The Hospitalist (9 minutes later): “I’m Dr. John Fucking Elway, hospitalist. I’m the quarterback of the team because sports metaphors. I don’t do anything per se, but my smile? Huge. Demeanor? Eager beaver.
“You’ll have painful urination tomorrow, but I’ll neglect to file paperwork for the lab test. It’s true! You’ll have whizzed in a cup for nothing, but who needs dignity when there’s breath like mine? Can you guess? Cinnamon. And the mouth feel, mmmp.
“You’ll see some specialists today. It’s nothing, literally. Like that nephrologist. Whatever they say, add 5 cc’s of salt and call me in the morning, am I right?
“My serious face. It’s only temporary, but notice the sparkling eye contact. You need anything, just ask for Dr. Donovan McNabb, got it? This is me not winking as I turn to leave.”

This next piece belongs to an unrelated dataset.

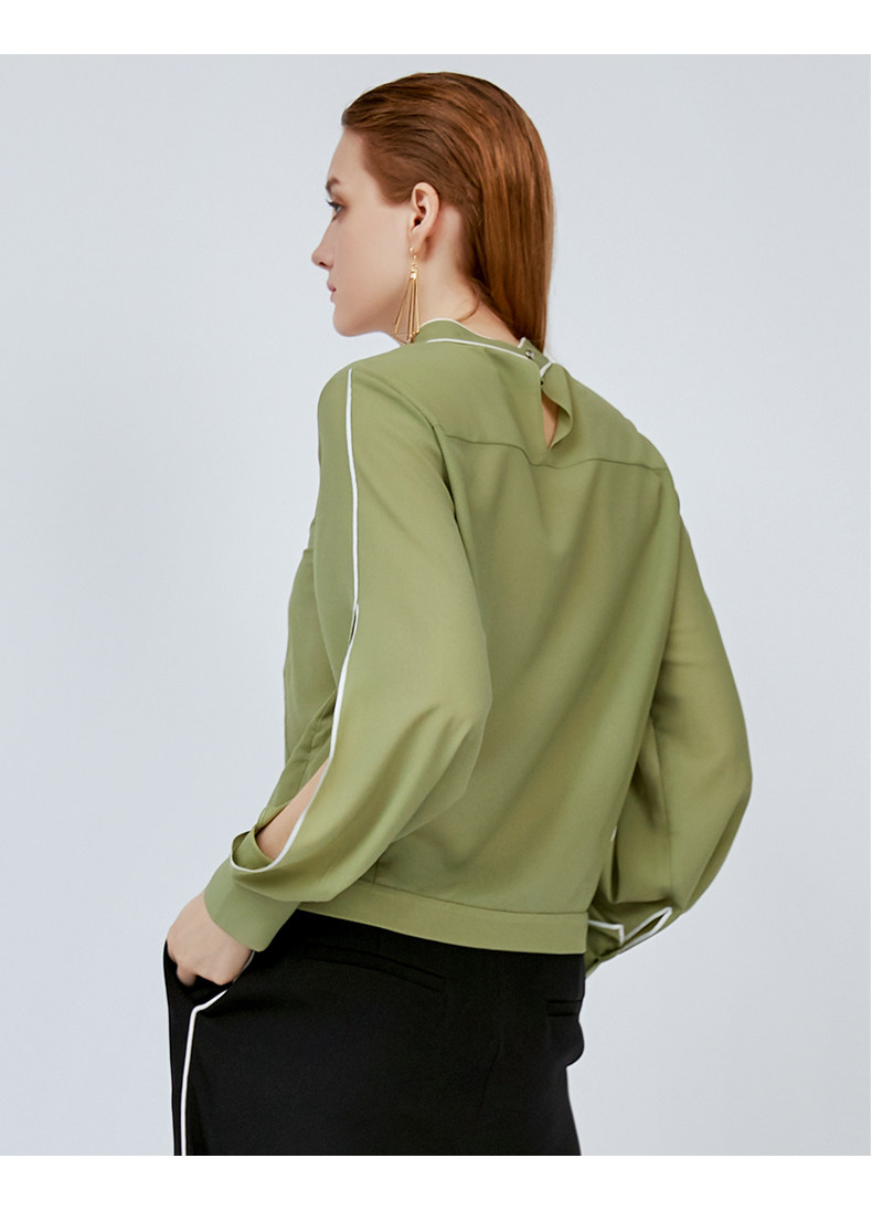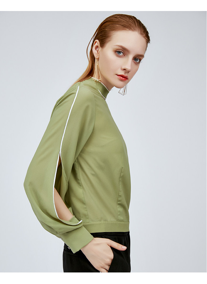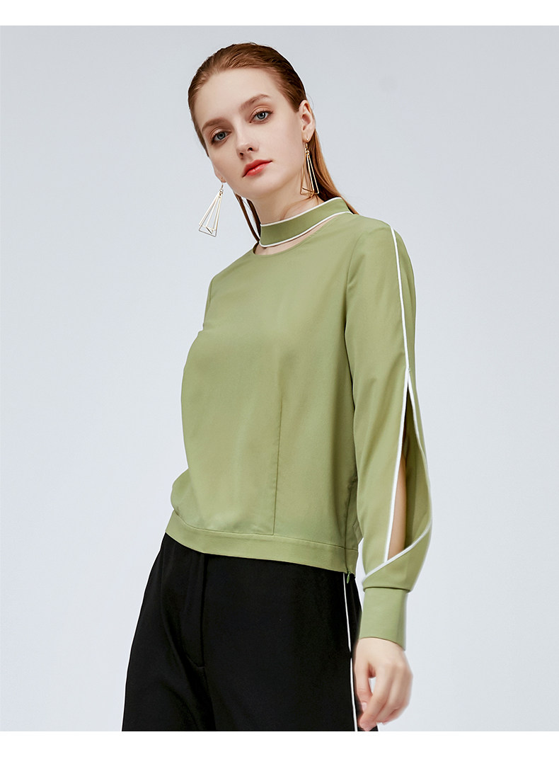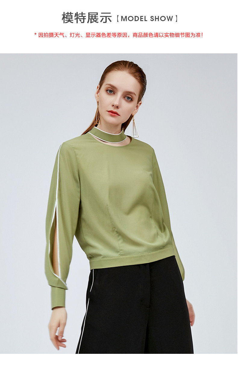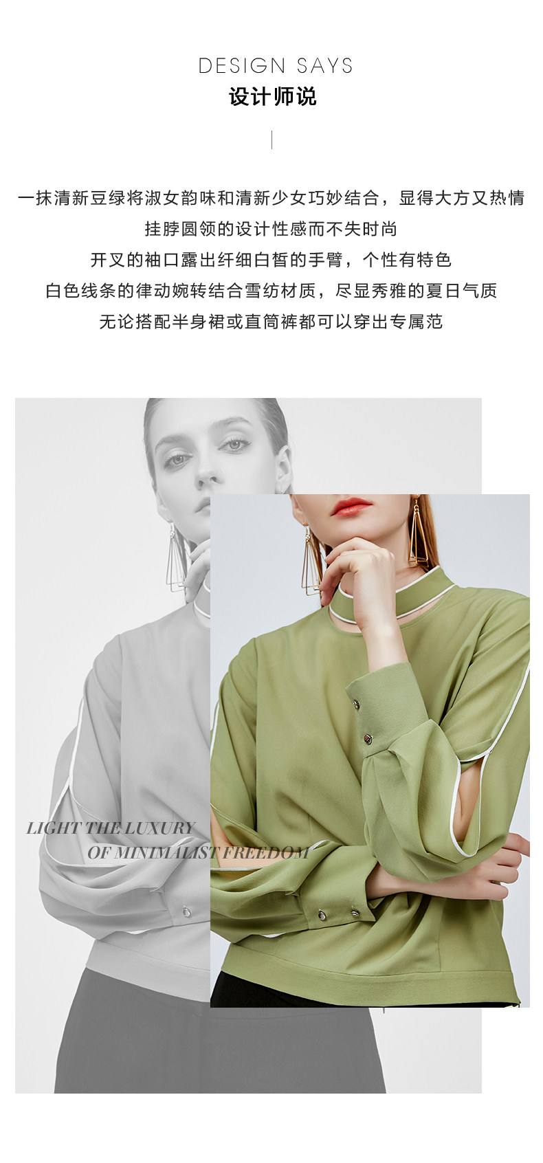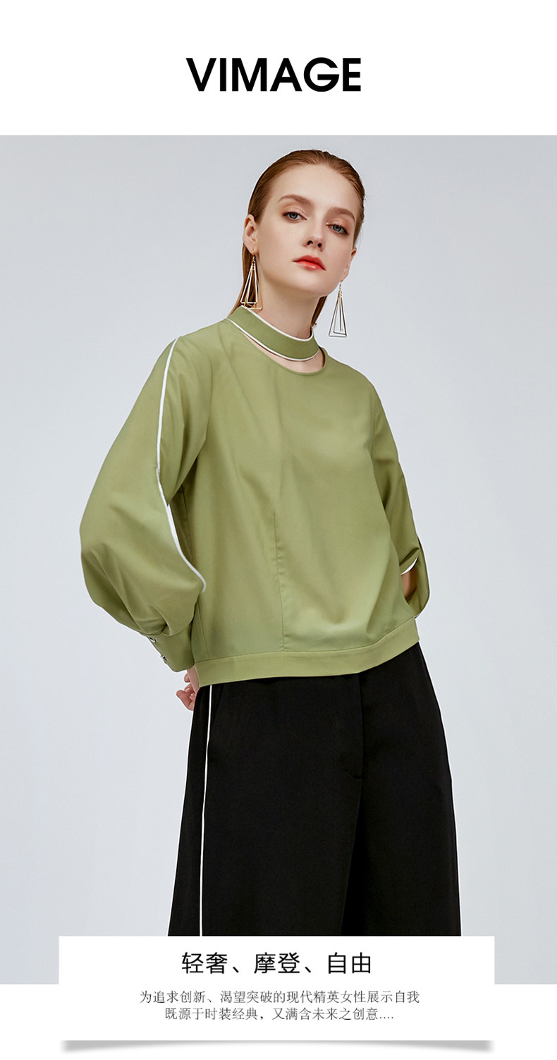vimage纬漫纪新款心机衬衫设计感超仙女豆绿色挂脖衬衫女衬衣V1113705

The Urologist (3 minutes later, curtain whipped aside): “About that cancer on your kidney. I’m a surprisingly effective fire hydrant, only douchier. No need to thank me. I have the best science inside my brain, which is huge, like my dick, which probably feels like it’s crammed inside your ear right now. Here comes the science.
“Odds that lesion means tumor? 100%. Chances you’ll lose your kidney? Positively. Isn’t this great? Statistics for lay people.
“You’ll remember this about me: I have the facial hair of the recently pubescent. And yet: 80% chance it’s cancer. In other words, totally cancer.
“Have you seen it yet? Your lesion-tumor cancer baby? Gimme your number. Texting….texting….annnnd it’s off, you got it. Now, look, make your hand like a fist. That’s your kidney, here’s the golf ball. Believe that.
“K, pull your johnny up, let’s see what you got. Ooof, skin bridge from your circumcision. Unh uh. We can clean that right up.
“Listen, when you get home, go somewhere they do a lot of these. Nephrectomies, not circumcisions. Maybe you’ll keep your kidney after all. Who knows. Look, I’m out. I got a hoagie and a stack of 70’s porn on VHS waiting for me back at my house, which is huge. You feel me?”
Later, in Boston, when the post-kidney-surgery infection has arrived, just before they puncture your skin to corkscrew a tube through the thick of your back to drain a fluid they’ll never identify, the nurse who sedates you will be so enthused to learn the two of you share a birthday. You’ll be grateful for her excitement in a way you’ll never understand. You’ll hope it wasn’t just the meds or Sinatra crooning in the corner.